Plaintiff admitted in his bankruptcy papers that he resided in San Jose at the time of the sheriff's levy against the Milpitas property. He concedes this fact, stating only that he began residing on the Milpitas property in January 1999, well after the October 1997 levy. His claim is simply that the property was a dwelling because of its residential characteristics at the time of the sheriff's sale. This analysis is erroneous.
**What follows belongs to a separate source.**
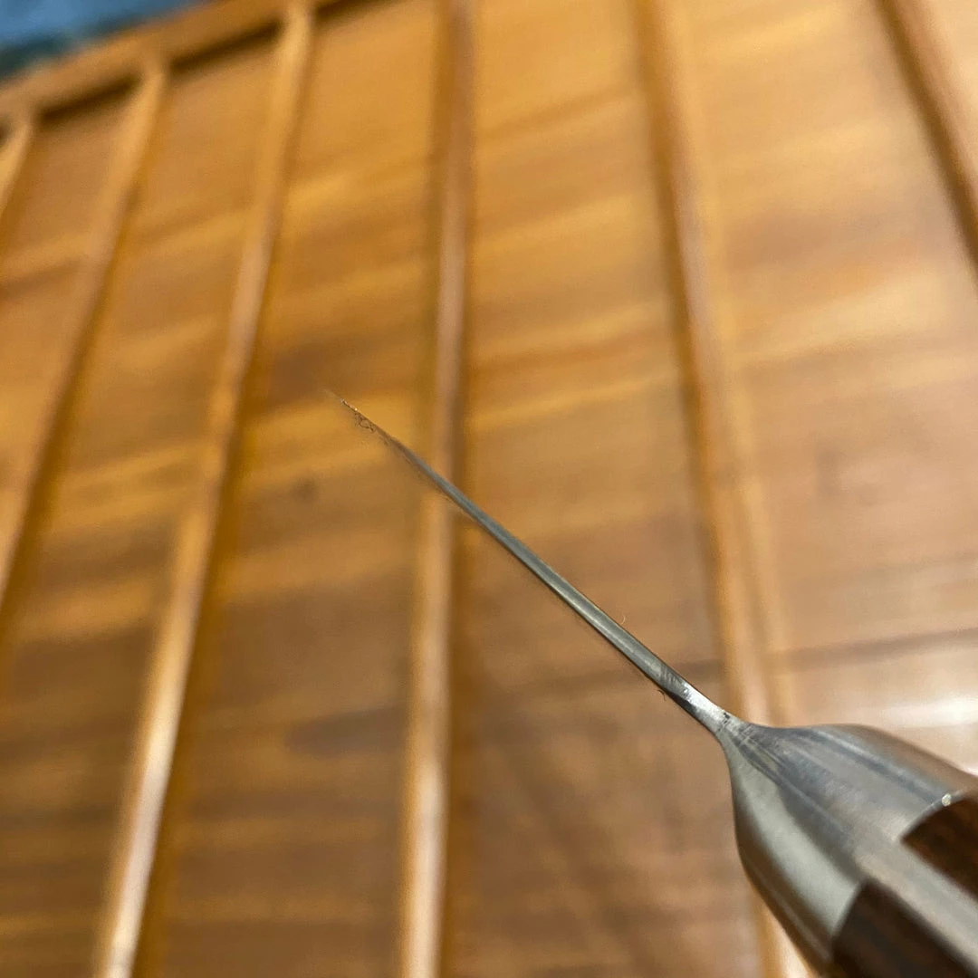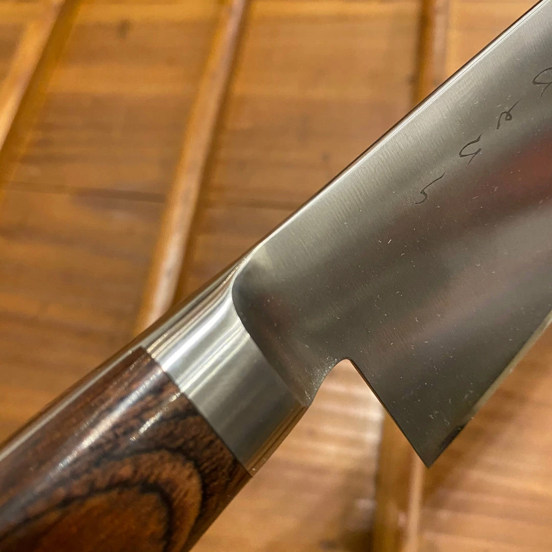 Monosteel Kanto styleย petty made with a finely finished proprietary stainless steel and imitation mahogony pakka composite wood western handle.

As we have mentioned, division 2, chapter 4, article 4 of the EJL, within which section 704.740 is found, pertains to the homestead exception. Section 704.710, subdivision (a), defines “dwelling” as “a place where a person resides.” Subdivision (c) of this section, in turn, defines “homestead” as “the principal dwelling (1) in which the judgment debtor or the judgment debtor's spouse resided on the date the judgment creditor's lien attached to the dwelling, and (2) in which the judgment debtor or the judgment debtor's spouse resided continuously thereafter until the date of the court determination that the dwelling is a homestead.” “Subdivision (c) is intended to preclude a judgment debtor from moving into a dwelling after creation of a judgment lien or after levy in order to create an exemption.” (16 Cal. Law Revision Com. Rep. (1982) p. 1421.)
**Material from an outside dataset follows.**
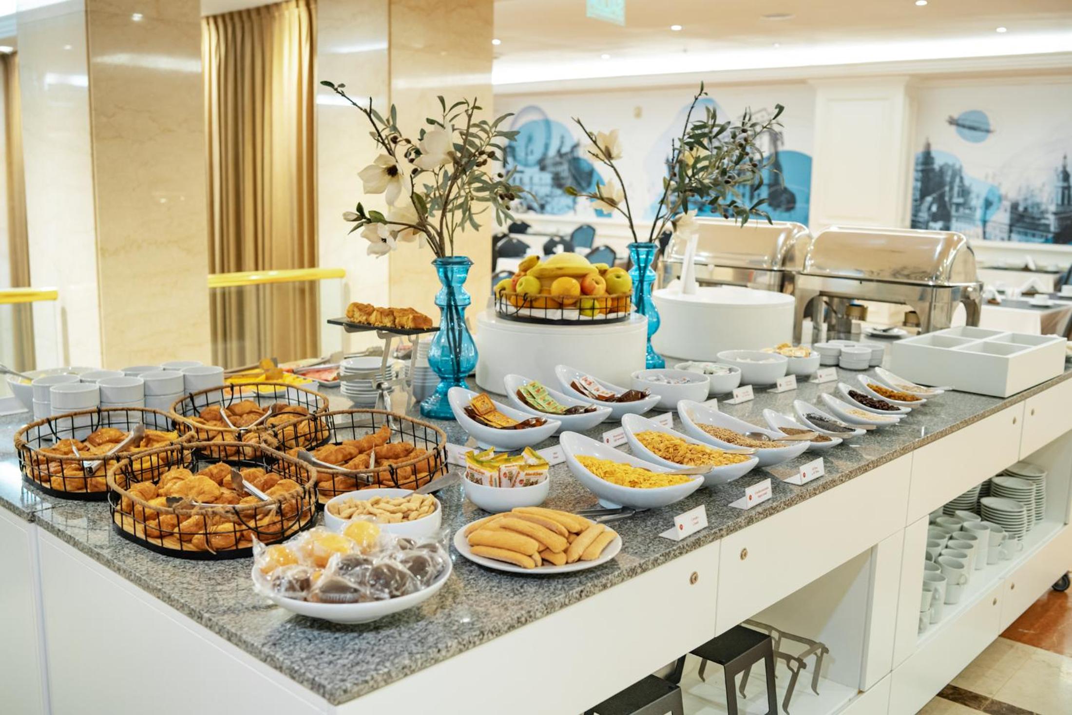 Отель устал, душ с плесенью, смеситель закреплен хомутами, все ржавое, полотенца и белье серые. Спорт зал в подсобке тренажеры сломаны. Вид на стройку, завтрак скудный

Under this statutory scheme, the only purpose for the section 704.740 court order proceeding is to determine the homestead or “dwelling exemption.” Stated another way, the concept of “dwelling” does not exist in isolation and apart from the dwelling exemption. Since plaintiff moved onto the Milpitas property after levy he could not establish a dwelling exemption. The section 704.740 procedure is therefore inapplicable. Accordingly, there was no irregularity in the sale upon which to predicate “unfairness” or “undue advantage” for purposes of equitable redemption.
The judgment is affirmed.
1. Further unspecified statutory references are to the Code of Civil Procedure.
2. Section 701.540 details provisions and procedures for notices of sale of an interest in real property. Relying on this statute, plaintiff had advanced that the sheriff did not serve or attempt to serve an occupant of the property when he attempted to post the notice of sale on a conspicuous place.
3. For reasons that are not explained in the record, the judge who heard defendants' post-trial motions was not the trial judge.
4. There is no opinion in the record.
PREMO, Acting P.J.
WE CONCUR: ELIA and BAMATTRE-MANOUKIAN, JJ.